GIVEN INFORMATION —
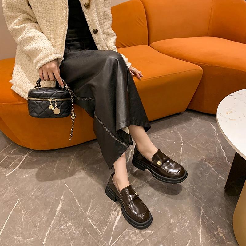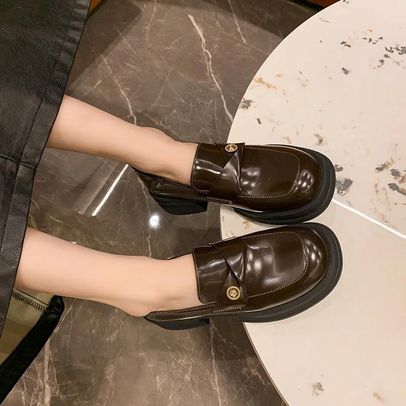 Новая роскошная женская обувь, модная повседневная обувь без шнуровки на квадратном каблуке на среднем каблуке с круглым носком и неглубоким носком, Zapatos Mujer
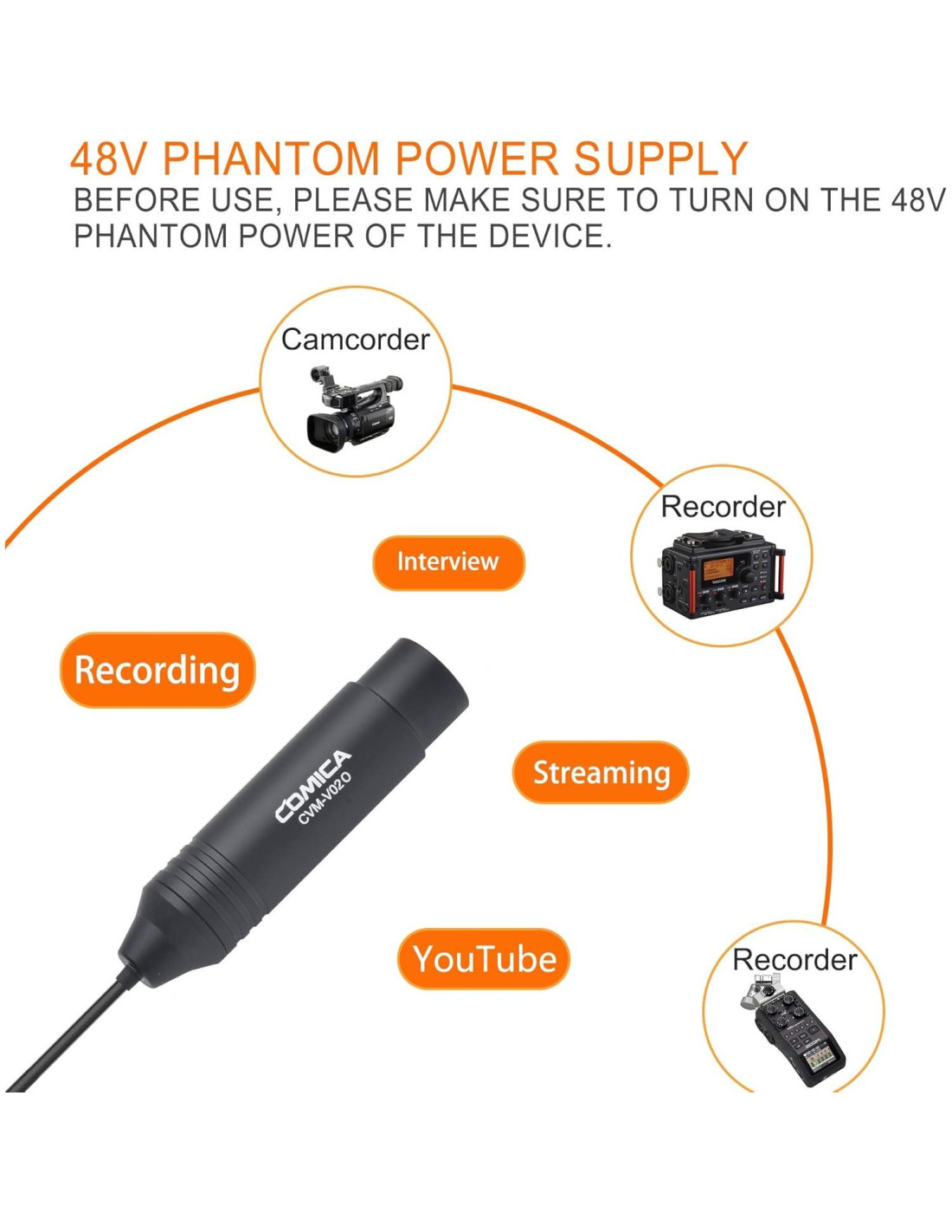 - [No se Requieren Baterías] Usado en +48V Phantom Power. Este micrófono funciona con grabadoras Canon Sony Panasonic ZOOM H5 H6 TASCAM. Antes de usar, asegúrese de encender la alimentación phantom de 48V del dispositivo.
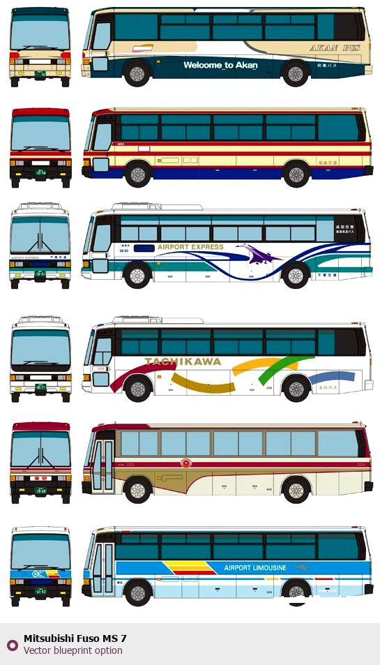 Raster blueprint of the Mitsubishi Fuso MS 7 Bus. This free downloadable image can be used for graphic projects, digital design, and 3D modeling. The file provides accurate exterior proportions of the vehicle. Body type: Bus.

EXERCISE REQUIREMENTS — Could you return the whole listing exactly, images excluded?

TASK ANSWER —
 Новая роскошная женская обувь, модная повседневная обувь без шнуровки на квадратном каблуке на среднем каблуке с круглым носком и неглубоким носком, Zapatos Mujer
 - [No se Requieren Baterías] Usado en +48V Phantom Power. Este micrófono funciona con grabadoras Canon Sony Panasonic ZOOM H5 H6 TASCAM. Antes de usar, asegúrese de encender la alimentación phantom de 48V del dispositivo.
 Raster blueprint of the Mitsubishi Fuso MS 7 Bus. This free downloadable image can be used for graphic projects, digital design, and 3D modeling. The file provides accurate exterior proportions of the vehicle. Body type: Bus.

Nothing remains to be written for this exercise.